Viva il marxismo, viva i Fratelli Marx!
Per coloro che potrebbero farsi ingannare dal titolo, lo preciso subito: non parlo di Karl Marx!
Bene, sciolto questo dubbio, posso tranquillamente definirmi un grande marxista; perché se parliamo di storia della comicità, dobbiamo assolutamente menzionare questa famigerata famiglia di artisti.
E dirò di più: non esagero quando dico che i fratelli Marx sono stati i comici più importanti e influenti in tutto il mondo, dall’avvento del sonoro ad oggi.
Andiamo a presentarli subito: Zeppo, personaggio più dedito a ruoli leggeri e romantici (che abbandonerà la recitazione nel 1935); Harpo, vagabondo muto leggermente tontolone con dei ricci biondi; Chico, bullo con un finto accento italiano e un debole per le donne; e infine il grande Groucho, baffone, brontolone e chiacchierone, sempre con una delle sue battute sferzanti e pungenti (quest’ultimo sarà l’unico a ricevere l’Oscar alla carriera).
In realtà ci sarebbe anche un quinto fratello, Gummo, ma abbandonerà presto l’arte comica per intraprendere la strada imprenditoriale.
Che sia il varietà, il cinema o la radio, il loro linguaggio è sempre riconoscibile: surreale, sopra le righe, anarchico, con quel continuo sberleffo verso la società americana e le sue ipocrisie. Prendono in giro altolocati, governo, istituzioni, non se ne salva uno!

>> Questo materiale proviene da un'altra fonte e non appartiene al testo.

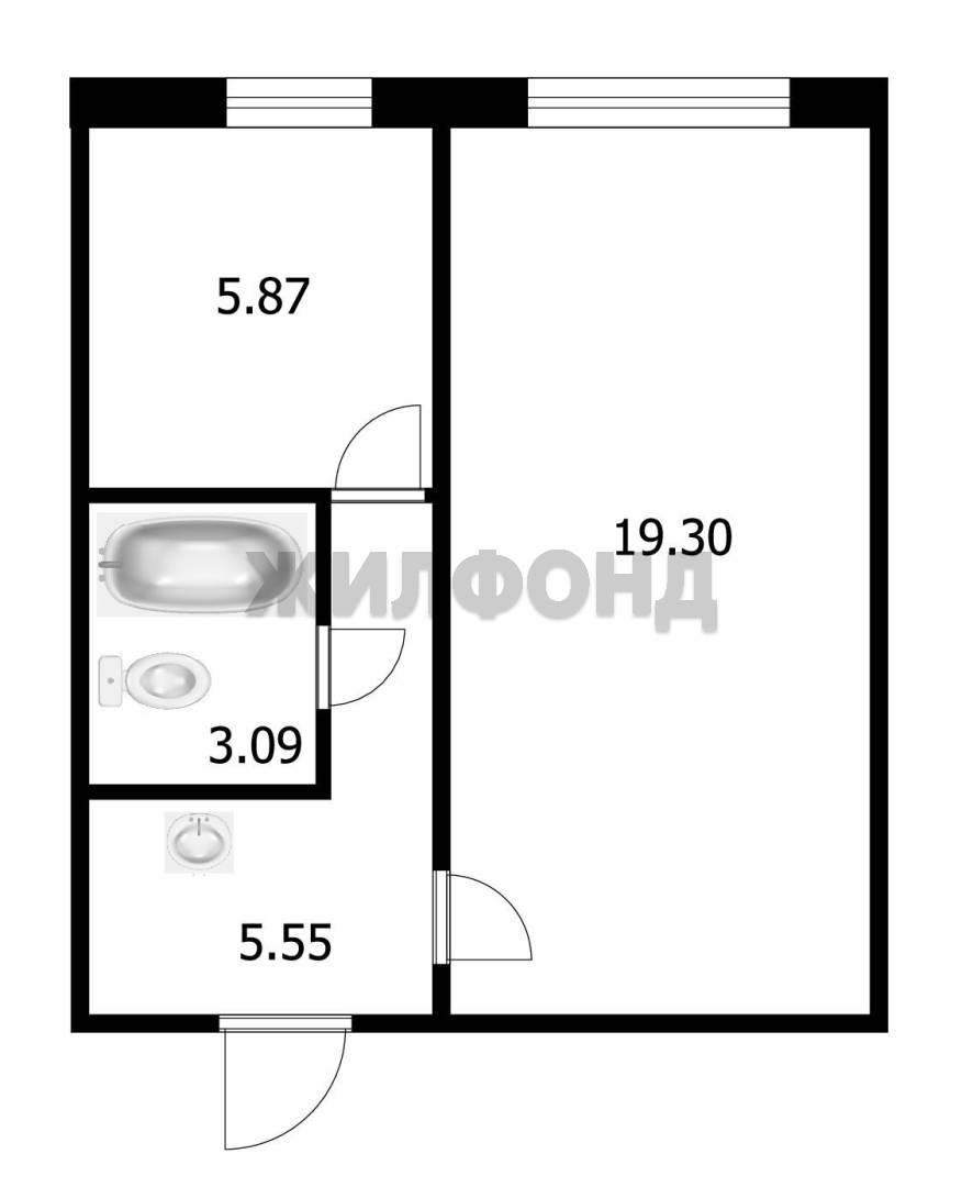 - Общая площадь: 33.4 м2

Grazie a film come Animal Crackers, La guerra lampo dei Fratelli Marx, Una notte all’opera, i fratelli Marx hanno ispirato i comici delle generazioni successive.
“Groucho: …Scelga una carta.
Margaret Dumont: Scegliere una carta? Per farne cosa?
Groucho: La può tenere, me ne rimangono 51. Che cosa stava dicendo?
Groucho: Dove fu firmata la dichiarazione di indipendenza degli Stati Uniti?”.
Chico: In fondo al foglio, a destra.
Groucho: Perché canti?
Chico: Tanto per ammazzare il tempo.
Groucho: Certo possiedi un’arma micidiale!
Groucho: Non entrerei mai a far parte di un club che accettasse uno come me come socio.
Gruocho: Grazie, ho trascorso una serata meravigliosa. Ma non è questa.
Gruocho: Citatemi dicendo che sono stato citato male.”